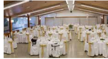
Restaurant La Deu
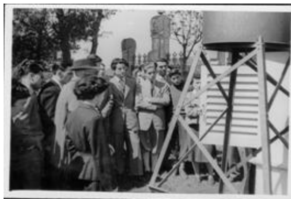
Visita al Observatorio Fabra y su estación metereológica (numerosa asistencia)

La veneración de Ernest por Comas i Solà le llevaron a organizar, creo que en el Palau Moja, una exposición de homenaje para la que obtuvo, de su viuda todas las facilidades y objetos.
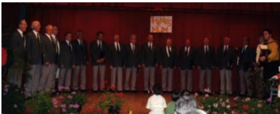
Moški pevski zbor Planika poje materam za praznik.

v petek, 10. maja, sveto mašo ob materinskem dnevu. Somaševala sva s patrom Nikom.
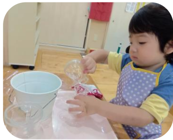
モンテッソーリ活動
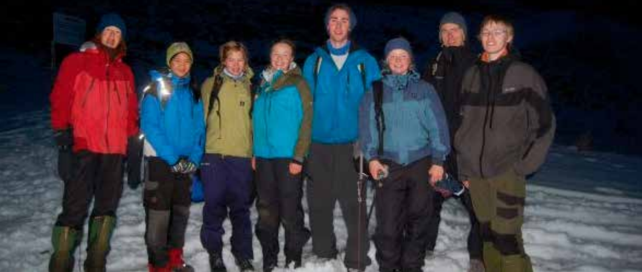
DNT ung på mørketidstur i Simavika.
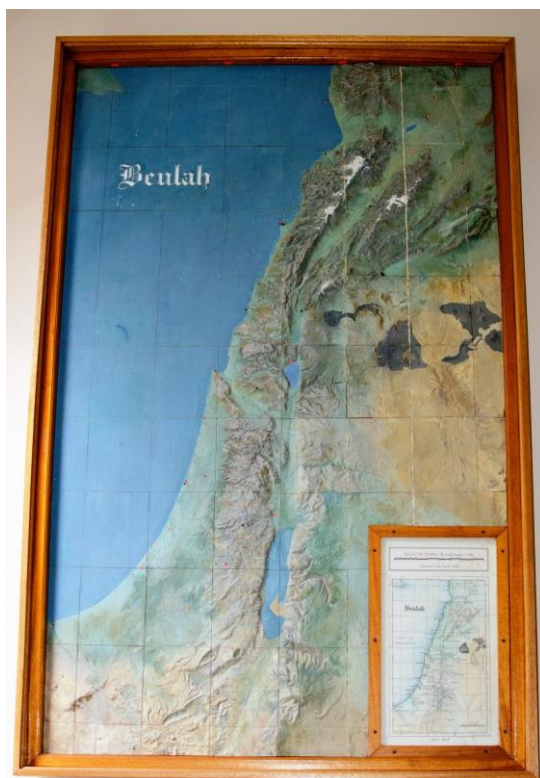
המפה התלת ממדית שגילף ג'וזף הרימן

לבסוף, את האנייה לא יכלו להציל ובאין כל תקוה שברוה ומכרו אותה בתור ברזל חלקים חלקים. הנוסעים האלה הסתדרו במושבות, רבים מהם הנם איכרים בעלי אחוזות ונחלאות ויושבים בארץ ונהנים בה וראו בה כבר בנים ובני בנים העוסקים גם הם בעבודת אדמה ובמסחר בא"י.
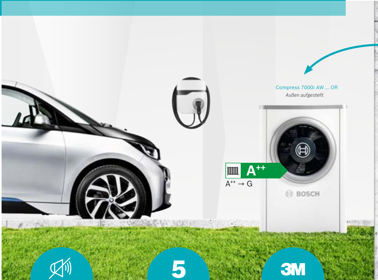
Compress 7000i AW ... OR Außen aufgestellt
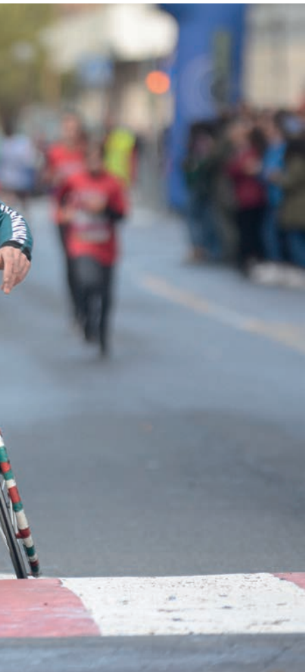
erki aritu dira denak. TXINTXARRI
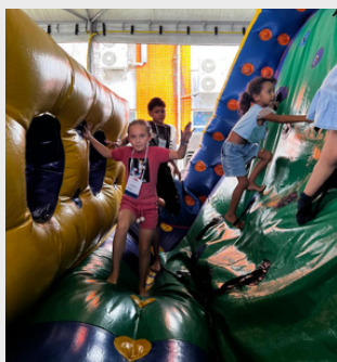
Lazer no Evento do Dia das Crianças - 2024.

SAIBA MAIS SOBRE NOSSAS AÇÕES NO INSTAGRAM: @PROJETO.MATINHOS
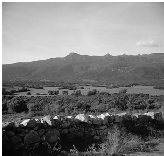
Sud stremu, piaghja di Figari
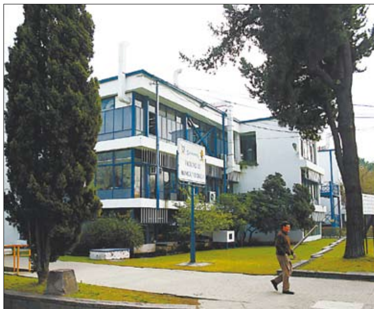
La facultad se encuentra a la vanguardia en materia de investigación.

La facultad se encuentra a la vanguardia en materia de investigación, a través del desarrollo de 57 líneas de investigación específicas. Actualmente, ejecuta más de 75 proyectos con financiamiento obtenido vía concursos nacionales,
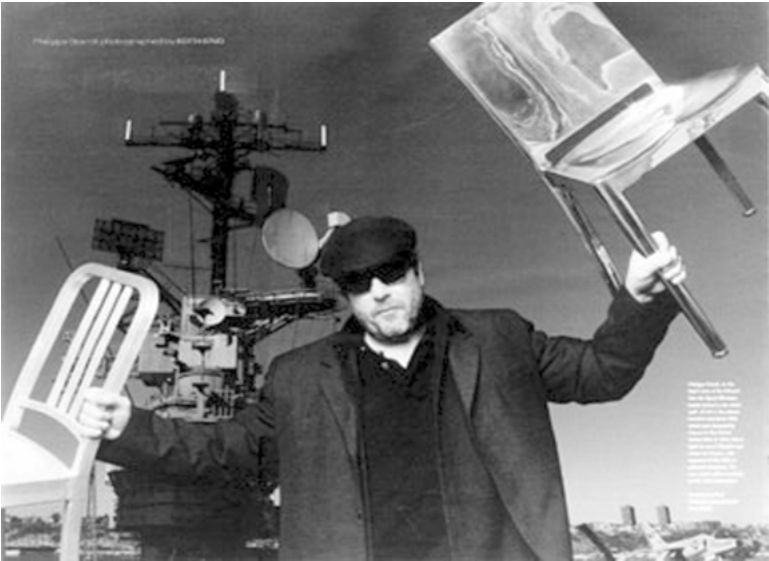
Abbildung 1: »Ship Shape« Coverstory zum Re-Design des Navy Chair © NY Times Magazine, Keith King, 1999.
★ ★ ★ ★ ★ ★ ★
* **Problem to work on**: Go through the records above and copy every line holding the word "materia".

* **Exercise solution**:
La facultad se encuentra a la vanguardia en materia de investigación.
La facultad se encuentra a la vanguardia en materia de investigación, a través del desarrollo de 57 líneas de investigación específicas. Actualmente, ejecuta más de 75 proyectos con financiamiento obtenido vía concursos nacionales,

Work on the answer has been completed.